Les enseignants du secondaire ont lancé un mouvement de grève qui dure depuis la rentrée scolaire 2023-2024, suite aux promesses non tenues du gouvernement quant au payement de la dette due accumulée depuis plusieurs années.

La fin de l’année scolaire 2022-2023 a été marquée par un mouvement de grève lancé par des enseignants et baptisé « OTS », On a Trop Supporté. Ces derniers, qui réclamaient au gouvernement camerounais une dette de plus de 180 milliards, ont décidé d’adopter une stratégie de contestation autant efficace que pernicieuse. En un mot, il s’agissait d’être toujours présent à l’école, voire même en salle de classe, mais de ne pas faire cours.

Le mouvement était d’autant plus efficace que le gouvernement camerounais, connu pour réagir violemment à toute manifestation publique, ne pouvait ni envoyer les hommes en tenue violenter les enseignants qui ne faisaient aucune manifestation dans les rues, ni même suspendre les salaires des grévistes qui étaient toujours présents à leurs postes…

Après de nombreuses réunions et concertations, le gouvernement a enfin dû réagir en régularisant la situation d’une partie des enseignants qui jusqu’ici ne percevaient qu’une partie de leur salaire, et en prenant en charge les avancements de ceux qui avaient évolué entre temps mais qui ne percevaient pas encore les effets financiers de leurs changements d’échelons.

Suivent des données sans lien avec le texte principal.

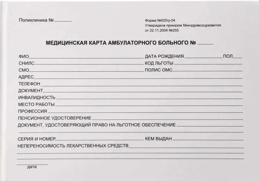 Медицинская карта амбулаторного больного (для взрослых)

Restait cependant le payement de certains rappels. Pour inciter les enseignants à reprendre le chemin des classes, les autorités ont fait la promesse que tout serait réglé d’ici août 2023.

Promesse non tenue

Malgré les réticences des enseignants à faire confiance au gouvernement lorsqu’il fait une promesse, les cours on repris et l’année scolaire s’est finalement bien achevée, notamment les examens officiels dont le bon déroulement était menacé par les grévistes qui étaient prêts à boycotter autant les surveillances que les corrections.

En août 2023 pourtant la promesse du gouvernement n’est pas tenue. Les enseignants qui espéraient voir leurs rappels payés ne reçoivent rien. Au contraire, une liste commence à circuler dans les foras : c’est une sorte de calendrier d’apurement de la dette due. Elle va d’août 2023 à fin 2025, les plus anciens matricules étant les premiers à être servis.

Mécontents car se sentant dupés, certains enseignants décident de relancer le mouvement « OTS », préconisant de relancer l’opération « craie morte » dès la rentrée prévue en début septembre. Après de légères hésitations les premières semaines, le mouvement prend rapidement de l’ampleur et paralyse de nombreux établissements dans toutes les régions du pays.

Menaces et intimidation

Les autorités, une fois de plus, rentrent dans la danse : de nombreuses concertations sont prévues, mais le mouvement « OTS », qui s’est associé au Syndicat des Enseignants du Cameroun pour l’Afrique (SECA), refuse obstinément d’y prendre part. Les autorités décident donc d’intensifier l’intimidation : des enseignants sont convoqués dans des commissariats, certains gardés à vue sous instruction des sous-préfets ; les proviseurs distribuent des demandes d’explication comme des petits pains, et de nombreux enseignants sont conviés à des « séances de travail » avec les autorités administratives.

Alors que le gouvernement déploie cette stratégie à l’efficacité douteuse, le temps continue à passer et les heures de cours non faites s’accumulent. Rendus pratiquement à la fin du premier trimestre, et à quelques semaines des congés de Noël, des milliers d’élèves n’ont pas pu bénéficier des cours auxquels ils ont droit. Les autorités, de leur côté, ne semblent pas prêtes à prendre le problème des enseignants au sérieux, et continuent à jouer avec le temps, espérant les avoir à l’usure.

Les pots cassés

Dans une récente sortie, les autorités ont affirmé avoir revu le calendrier d’apurement de la dette, en allouant plus d’argent pour payer les rappels chaque mois. En conséquence, le délai de 2025 sera écourté. Ce nouveau calendrier n’ayant jusqu’ici pas été rendu public, il y a fort à parier que cette annonce ne suffise pas à calmer les enseignants. Et ceux qui vont le plus souffrir de cette situation, ce sont évidemment les élèves dont les heures de cours perdues ne pourront plus être rattrapées.

 

Le gouvernement quant à lui, par cette attitude nonchalante, par son incapacité à résoudre de façon efficace et définitive le problème des enseignants, pousse ces derniers à émigrer, comme c’est le cas pour de nombreux fonctionnaires dont l’expertise est recherchée sous d’autres cieux.